I am the same way. I have ALWAYS had an excitement of what could be in that mailbox that I can hold in my hands. :O)

Susan J. Reinhardt said...

Hi Diane -

When I was a teen, I had two penpals - one in Germany and one in England. We wrote for a few years before losing touch. They enriched my life by sharing their customs.

With the Internet, we can have many penpals. Yet, something personal is lost in the translation.

Blessings,
Susan :)

Jill Kemerer said...

I have an assortment of pretty thank you cards I like to write out and send whenever the urge strikes. I love handwritten cards!

Susan J. Reinhardt said...

Hi Jill -

I keep blank notecards and thank-you cards in the house. They don't seem quite as daunting as regular sheets of paper.

Blessings,
Susan :)

Faith Imagined said...

I totally agree with you! What a blessing to have those hand-written letters from your husband!

Rhonda said...

I saved all the love letters my husband sent when we were dating (we were 850 miles apart). Calling long distance was expensive and couldn't be done every day. Now, we twitter and facebook and instant message and text, and there's very mystery and anticipation anymore.

Letters are romantic, for sure.

Susan J. Reinhardt said...

Hi Alisa -

Yes, I'm glad I have them. I don't go through them often, but I know they're available. Our memories can blur with time, but I have a way of refreshing mine.

Blessings,
Susan :)

Susan J. Reinhardt said...

Hi Rhonda -

I agree. Letters are much more romantic than Facebook and Twitter. LOL! I can't see myself putting Facebook posts in a pretty box and tying it with a ribbon.

Blessings,
Susan :)

Rhonda said...

"very little mystery"

Sigh. I hope it's no mystery what She of the Foggy Brain was trying to say.

Sandra Heska King said...

I have sweet signatures from my husband on cards that I've saved. But he's never written me a love letter. That's just not him. And cards are so expensive! I miss the pretty stationery and the time to create homemade cards, though. My mom saves tons of emails.

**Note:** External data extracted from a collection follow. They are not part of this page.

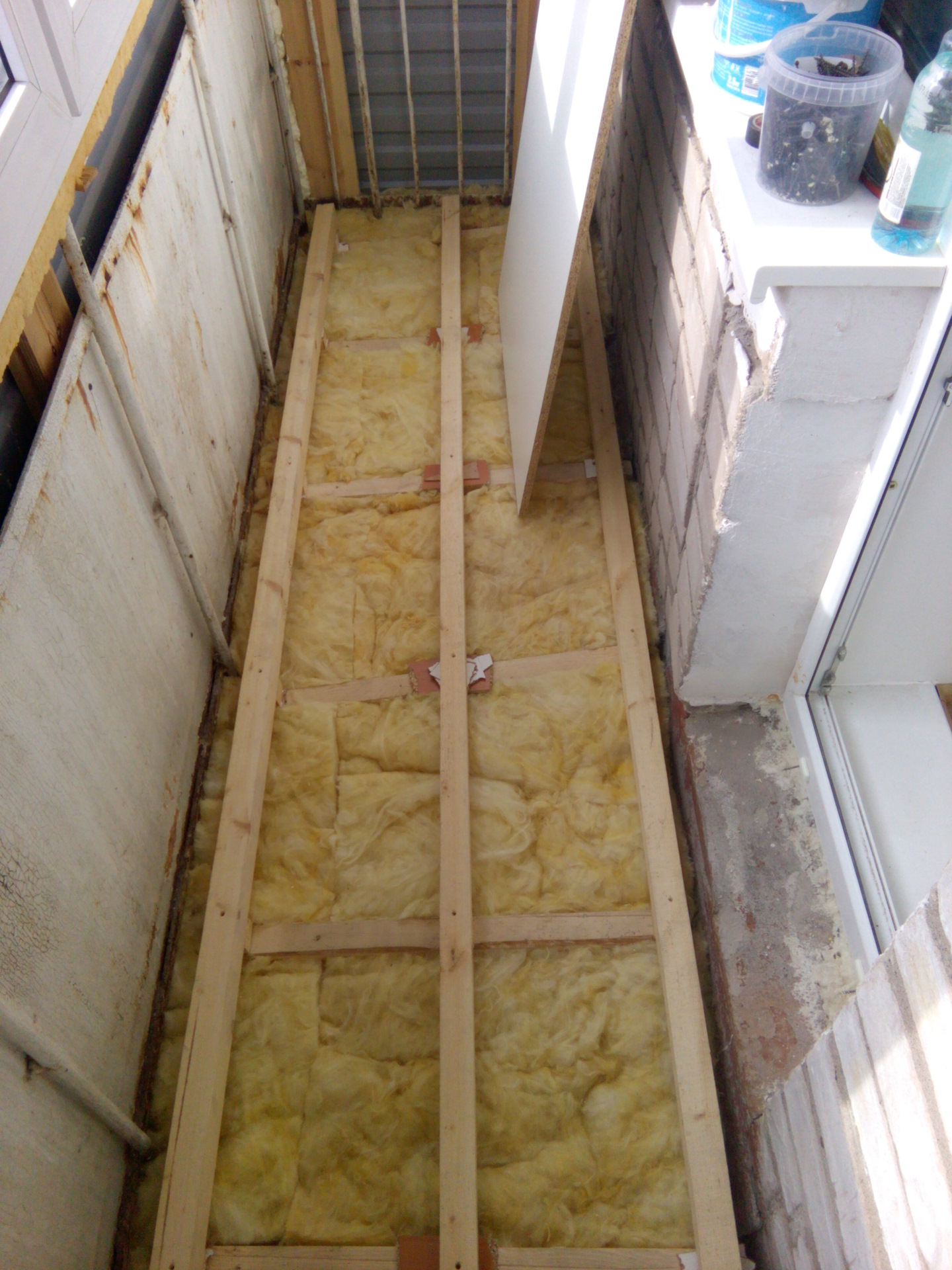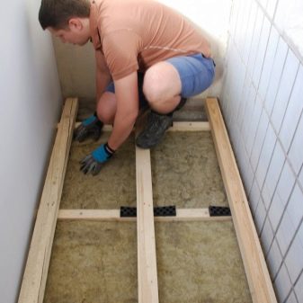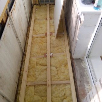 Για να μονώσετε σωστά το μπαλκόνι από μέσα με τα χέρια σας, πρέπει να αποφασίσετε εάν πρέπει να ισοπεδώσετε τη βάση ή όχι. Δεν υπάρχει ανάγκη για μια τέτοια διαδικασία εάν σκοπεύετε να εγκαταστήσετε ένα ζεστό δάπεδο. Το μονωτικό υλικό τοποθετείται στα διαστήματα μεταξύ των υστερήσεων. Μια προσανατολισμένη πλάκα βιδώνεται στα ίδια κορμούς (χρησιμοποιώντας βίδες αυτοεπιπεδώματος). Με τη σειρά του, σχηματίζεται τσιμεντοκονία και τσιμέντο στο OSB. αυτό το γέμισμα γίνεται με ένα στρώμα όχι λεπτότερο από 5 cm και η δομή πρέπει να κοπεί σε ένα επίπεδο.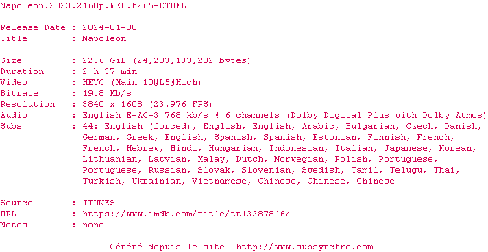 Voir le nfo de la release Napoleon.2023.MULTI.HDR.2160p.WEB.H265-LOST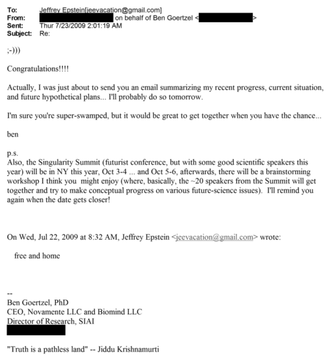 Ben Goertzel Congratulates Jeffrey Epstein After Prison Release

I love the letters from my Compassion child! All the way from Kenya. Knowing that she has touched that paper make them very precious.

Susan J. Reinhardt said...

Hi Sandra -

My late husband saved a lot of emails. I usually save ones I need as a reference. Once I'm finished with it, I throw it out.

Interesting point: With the ease of use, we get a lot more emails than we would ever get handwritten. It does present a storage problem.